Grove Upper Elementary - Miranda Ward

Miranda Ward serves as the librarian for fourth to sixth graders and teaches fifth grade reading at the upper elementary school.

A teacher for the past 12 years, she has worked in Grove for the past six years.

A 2001 graduate of Jay High School, Ward has also taught in the Colcord, Miami and Wyandotte school systems.

She has a bachelor's degree in education from Northeastern State University in Tahlequah, and a master's of science in library media and information technology from NSU-Broken Arrow.

Ward and her husband, John Henry Ward II - who is also a teacher and coach within the district - have two daughters, Gweneth, 8, and Locklyn, 6.

More about Ward

Ward said she became a teacher because she's been blessed with an assortment of "great teachers" within her life.

"I think all the teachers I have had have impacted my life in one way or another," Ward said. "Teachers have the opportunity to impact students’ lives in such a positive way and I am blessed that I have had great teachers in my life."

Ward said some of her inspiration comes from Mrs. Shackleford, who taught her to hug and smile at her students every day, because of they are special; Mrs. Coble, who made learning fun by playing games and getting everyone in the class involved; Mr. Starts, who taught her to "think outside the box and look beyond" her world; Coach Barnwell, who encouraged her to have high expectations for herself, and her students; and Dr. Baker, who encouraged her to explore books and share a love of reading with her students.

"I knew I wanted to be a librarian because I loved to read, but I also loved to see students’ reactions to books as well," Ward said. "When a student comes to me and wants to 'talk books' it creates relationships that can last a lifetime.

"Especially, if we have read the same book and we have two totally different perspectives on the book, it is pretty awesome to form those connections with students."

Ward said she loves helping students find the perfect book.

"For example, when you have that one student that just ahem…. (insert gasp) hates to read, it is my goal to help them find a book that they enjoy," Ward said. "After we search and search for that perfect book, they fall in love with reading.
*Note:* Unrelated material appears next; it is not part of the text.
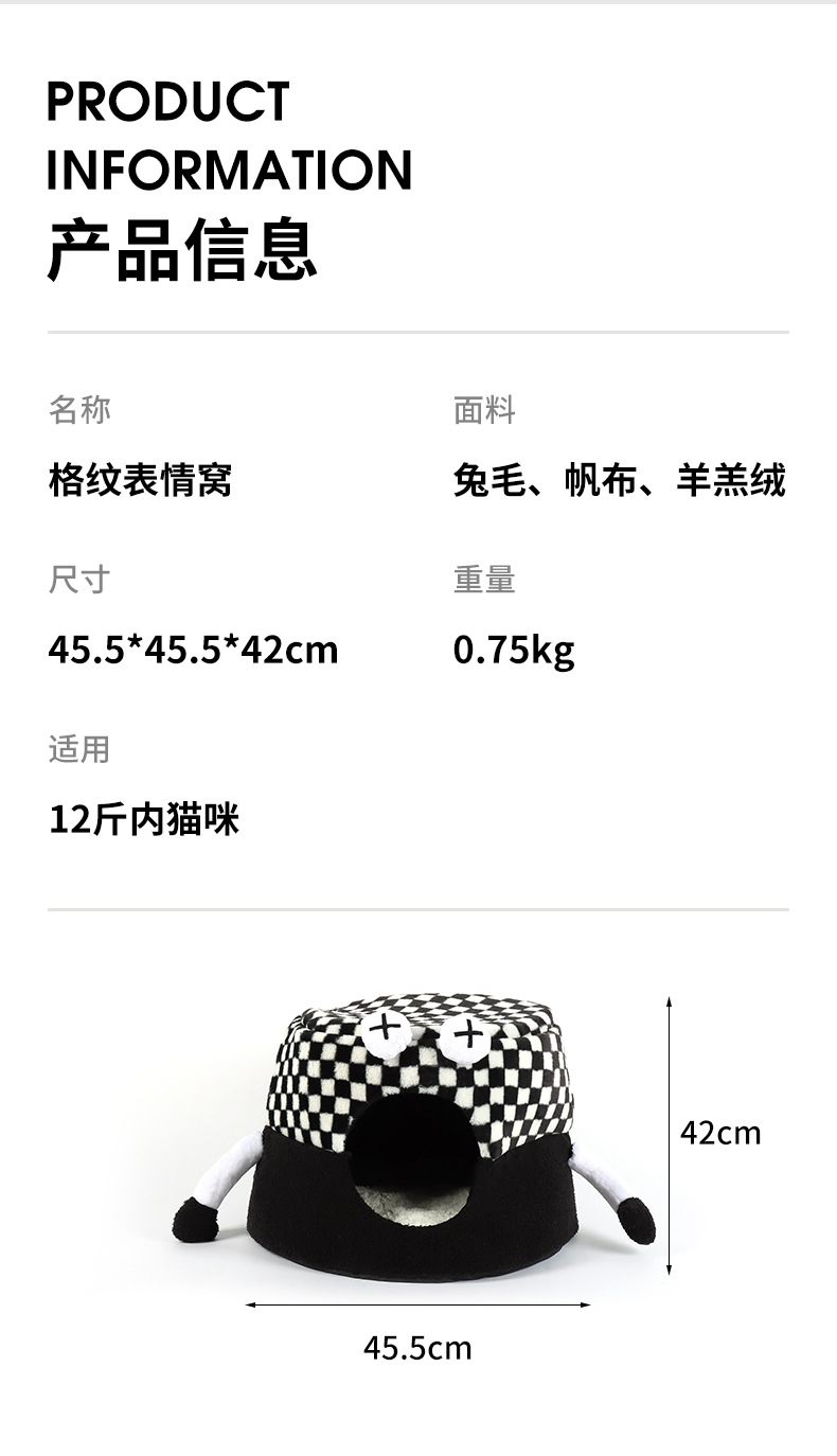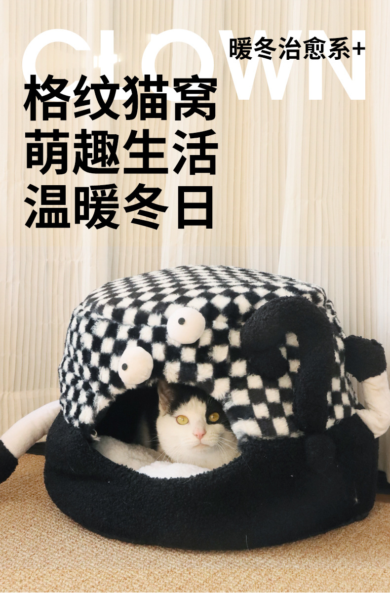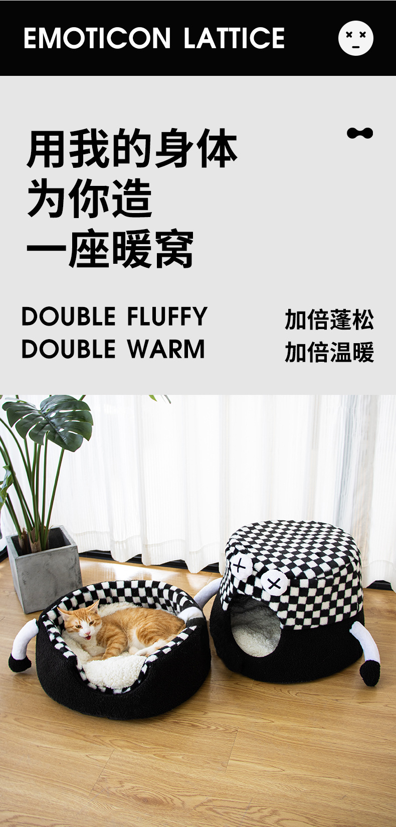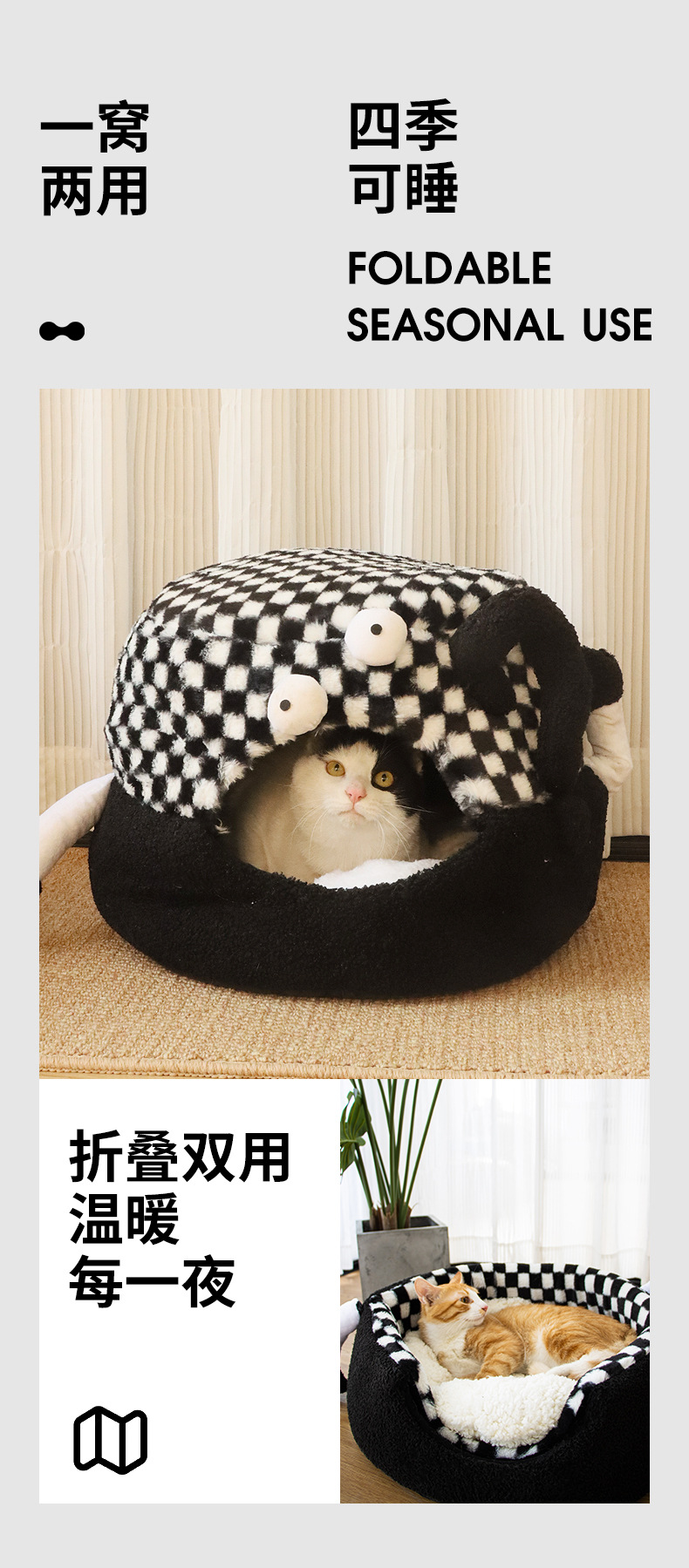 Leyoupai 대형 개방형 흑백 격자 무늬 표현 고양이 둥지, 폐쇄형 접이식 이중 용도 애완 동물 둥지, 모든 계절에 적합

"I love that quote from J.K Rowling, 'If you don’t like to read, you haven’t found the right book.'

"I enjoy getting to know the students that come into the library to 'talk books' or just letting them know that I am so glad they came to the library. I want everyone to feel welcome in the library because for some students, the school library is the only library they get to see. The library is more than just a place to check out books, it is the learning hub of the school."
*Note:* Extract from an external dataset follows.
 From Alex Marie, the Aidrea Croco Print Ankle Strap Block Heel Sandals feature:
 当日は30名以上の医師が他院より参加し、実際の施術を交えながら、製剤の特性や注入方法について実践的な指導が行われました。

Ward said the walkout taught her a lot about her fellow teachers' hearts for their students.

"I have learned that teachers will do whatever it takes for their students and their profession," Ward said. "For me personally, I have two daughters in the public school system, and as a mommy, I want the best for my daughters, as well as my students.

"I am so proud to be from such a wonderful, supportive community like Grove. It has been such a humbling experience to see our community and parents rally right next to us."

Ward said she hopes her students remember her as kind, and that they also leave her library feeling special.

"I [also] hope to instill in them a love for reading that will last a lifetime," Ward said.

Being nominated as the upper elementary teacher of the year, Ward said, is special because her peers voted for her.

"It is quite an honor to be recognized by the people you work with every day," Ward said. "I love my job and when I see my fellow peers working hard for their students, it encourages me to work harder as well. I have been very fortunate to work with great administration, that support our teachers."

Ward, who was named 2017 NSU graduate student of the year, said she hopes members of the Grove community know that Grove teachers "want the best" for their students.

"We will do whatever we can to make sure they have the best education possible," Ward said. "We want our students to not only succeed in the classroom, but in life as well."